Table of Contents
Big Data is not a single technology, but a combination of old and new technologies that help companies gain actionable insight. Big Data is therefore the ability to manage a large volume of disparate data, at the right velocity, and within the right time frame to enable real-time analysis and reaction.
1 Introduction to Big Data
Data management and analytics have always offered the greatest benefits and the greatest challenges for organizations of all sizes and across all industries. Companies have long struggled in the search for a pragmatic approach to capturing information about their customers, products, and services.
Big Data: Introduction
Businesses have long sought to optimize the management of their data, both for operational tasks and to monetize the information they could extract from it. Nowadays, the amount of data available is immense, of very diverse origins and types, and generated at great speed. This is what has led to the coining of the term Big Data, not because it is a new technology, but because of the volume, speed and variety of data to be managed.
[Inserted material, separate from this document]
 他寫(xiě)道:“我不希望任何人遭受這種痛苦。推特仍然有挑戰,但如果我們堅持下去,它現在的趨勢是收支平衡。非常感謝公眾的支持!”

This concept has very specific requirements in terms of performance and architecture. These requirements have been met by taking advantage of the evolution of technology, which has caused the cost of hardware and software to decrease at the same time as their capacity has increased. Among other technologies that have contributed to making Big Data a reality are virtualization, cloud computing and, above all, distributed computing, which is the basis for all the others.
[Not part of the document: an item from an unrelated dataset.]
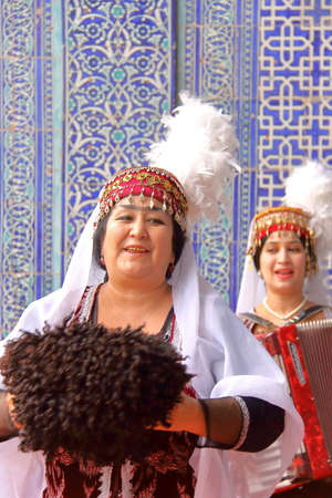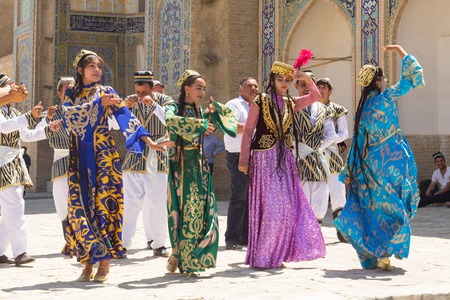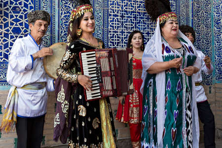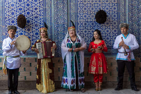 BUKHARA, UZBEKISTAN - MAY 25, 2018: Silk and Spices Festival 2018. Bukharian musicians in local dress dance, in Bukhara, Uzbekistan

2 Technological Foundations of Big Data
As we have seen in the previous chapter, Big Data deals with streams of large volumes of data, often at high velocity and with very different formats. Many experienced software architects and developers know how to deal with one or even two of these situations quite easily.
Big Data deals with streams of large volumes of data, often at high velocity and with very diverse formats. Many experienced software architects and developers know how to deal with one or even two of these situations quite easily. For example, if faced with large volumes of transactional data and fault tolerance requirements, it is possible to choose to deploy redundant relational database clusters in a data center with a very fast network infrastructure. Similarly, if the requirements are to integrate different types of data from many known and anonymous sources, the choice might be to build an extensible meta-model in a custom data warehouse.
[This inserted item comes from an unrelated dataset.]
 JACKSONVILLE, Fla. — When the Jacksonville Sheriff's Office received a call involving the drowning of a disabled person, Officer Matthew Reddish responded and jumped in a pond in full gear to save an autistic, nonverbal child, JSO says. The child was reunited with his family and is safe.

However, we may be able to afford to create specific implementations in a much more dynamic Big Data world. When we move outside of the world in which we own and fully control our data, it is necessary to create an architectural model to address this type of hybrid environment. This new environment requires an architecture that understands both the dynamic nature of Big Data and the need to apply the insights to a business solution. In this unit, we examine the architectural considerations associated with big data.
Big Data: Technology Fundamentals
The infrastructure to implement a Big Data solution is very complex, so to simplify the concepts we resort to a model divided into layers where each layer performs specific functions. These layers are:
- Physical
- Security Infrastructure
- Interfaces
- Operational Databases
- Data Services and Tools
- Analytical Data Warehouses
- Big Data Applications.
This structure has very demanding requirements in terms of scalability, elasticity, availability and performance. These requirements can be met with technologies such as Cloud Computing. In turn, Cloud Computing is based on virtualization technologies that provide it with its most important characteristics.
3 Big Data Management with Apache Hadoop
Big Data is becoming an important element in the way organizations leverage large volumes of data at the right speed to solve specific problems. However, Big Data systems do not live in isolation. To be effective, companies often need to be able to combine the results of Big Data analytics with data that exists within the enterprise.
We will now take a closer look at today’s most widely used Big Data environment, Apache Hadoop.
Big Data & Apache Hadoop
Big Data is getting an important element in the way associations work large volumes of data at the right speed to break specific problems. Still, Big Data systems don’t live in isolation. To be effective, companies fr equently need to be suitable to combine the results of Big Data analytics with data that exists within the enterprise. In other words, you cannot suppose of big data volumes in insulation from functional data sources. There are a variety of important functional data services. In this unit, we give an explanation of what these sources are and how we can use them in confluence with Big Data results.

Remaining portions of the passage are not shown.